╔══
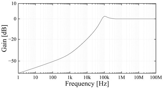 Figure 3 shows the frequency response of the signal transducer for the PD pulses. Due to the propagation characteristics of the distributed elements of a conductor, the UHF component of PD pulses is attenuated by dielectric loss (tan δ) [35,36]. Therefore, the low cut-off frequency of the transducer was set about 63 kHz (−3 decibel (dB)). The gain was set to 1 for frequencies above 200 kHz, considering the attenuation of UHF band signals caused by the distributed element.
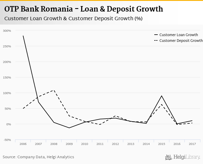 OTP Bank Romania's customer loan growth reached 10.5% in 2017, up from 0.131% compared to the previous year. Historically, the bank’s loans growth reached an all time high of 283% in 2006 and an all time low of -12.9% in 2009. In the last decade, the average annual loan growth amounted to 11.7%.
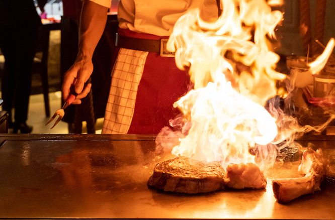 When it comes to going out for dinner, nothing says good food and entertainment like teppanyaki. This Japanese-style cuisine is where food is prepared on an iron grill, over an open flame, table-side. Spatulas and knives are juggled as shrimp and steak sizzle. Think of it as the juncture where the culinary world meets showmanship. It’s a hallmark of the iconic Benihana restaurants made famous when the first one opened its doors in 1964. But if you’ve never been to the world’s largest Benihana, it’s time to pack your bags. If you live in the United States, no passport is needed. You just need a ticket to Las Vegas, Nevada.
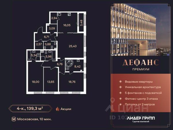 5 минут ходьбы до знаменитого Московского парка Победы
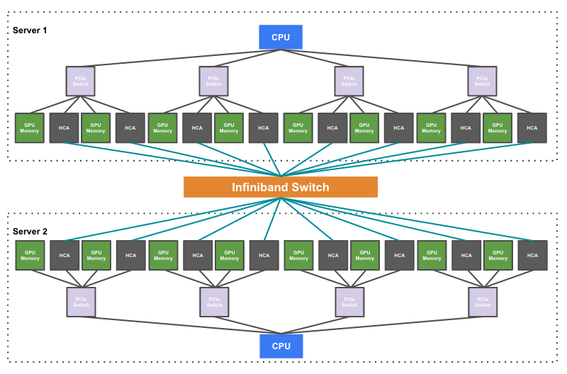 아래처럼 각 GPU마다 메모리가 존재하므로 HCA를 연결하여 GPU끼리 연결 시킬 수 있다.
╚══
§ Directions
Set down exactly and only the lines from the line that contains "5 минут ходьбы" through the last line of the entries above, with both of those lines included and the pictures left out.

§ Result
 5 минут ходьбы до знаменитого Московского парка Победы
 아래처럼 각 GPU마다 메모리가 존재하므로 HCA를 연결하여 GPU끼리 연결 시킬 수 있다.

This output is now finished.